Lay bare your favorite documentary’s techniques using Project 1-AP-6 Analyze Editing and Content and Project 1-AP-7 Analyze Structure and Style (both in the Appendix).
After running your first assembly two or three times, it increasingly strikes you as clunky blocks of material having a dreadful lack of flow. First you may have some illustrative stuff, then several blocks of interview, then a montage of shots, then another block of something else, and so on. Sequences go by like a series of floats in a parade, each separate from its fellows. How do you get that effortless flow seen in other people’s films?
Once you have found a reasonable order for the material, you will want to combine sound and action in a form that takes advantage of counterpoint techniques. In practice, this means bringing together the sound from one shot with the image from another. To show, say, a teacher with superb theory and poor performance, you could shoot two sets of material, one of relevantly structured interview and the other of the teacher droning away in class.
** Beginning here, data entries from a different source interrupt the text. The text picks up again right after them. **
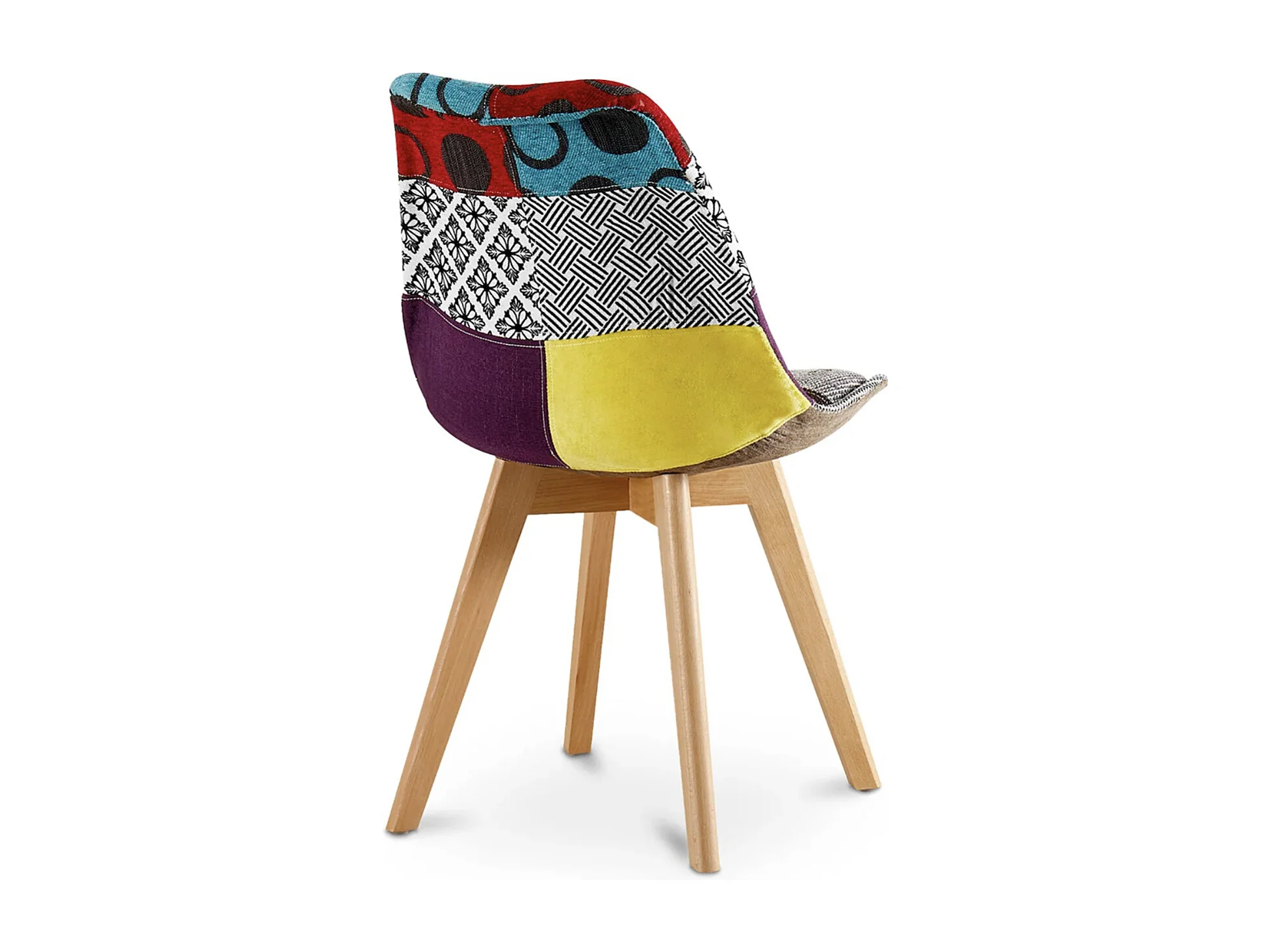 Chaise patchwork multicouleurs et pieds hêtre naturel Asko
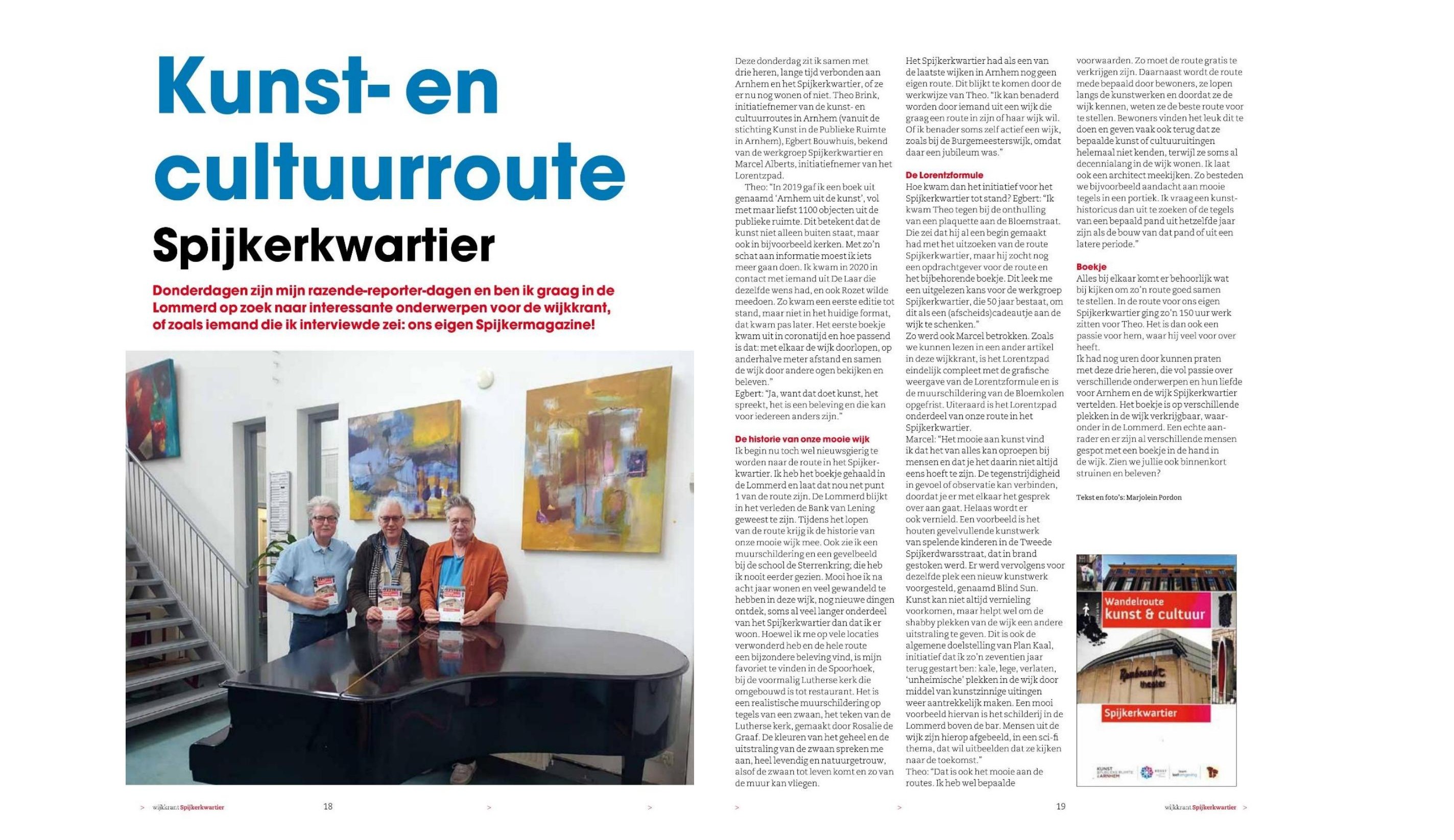 De nieuwe kunst- en cultuurroute Spijkerkwartier kreeg extra aandacht in de wijkkrant Spijkerkwarteir van november j.l. Wijkverslaggeefster Marjolein Pordon wist precies de goede vragen te stellen. Met daarbij een prachtige foto van de drie 'hoofdrolspelers'.
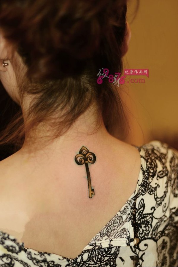 女孩脖子钥匙创意纹身_脖子纹身图案大全_纹身图吧

We edit these materials into juxtaposition. The conservative, first-assembly method would alternate segments as in Figure 14-1A: a block of interview in which the man begins explaining his ideas, then a block of teaching, then another block of explanation, then another of teaching, and so on until the point is made. This is a common, although clumsy, way to accomplish the objective in the assembly stage. After a little back-and-forth cutting, technique and message are predictable. I think of it as boxcar cutting because each chunk goes by like boxcars on a railroad.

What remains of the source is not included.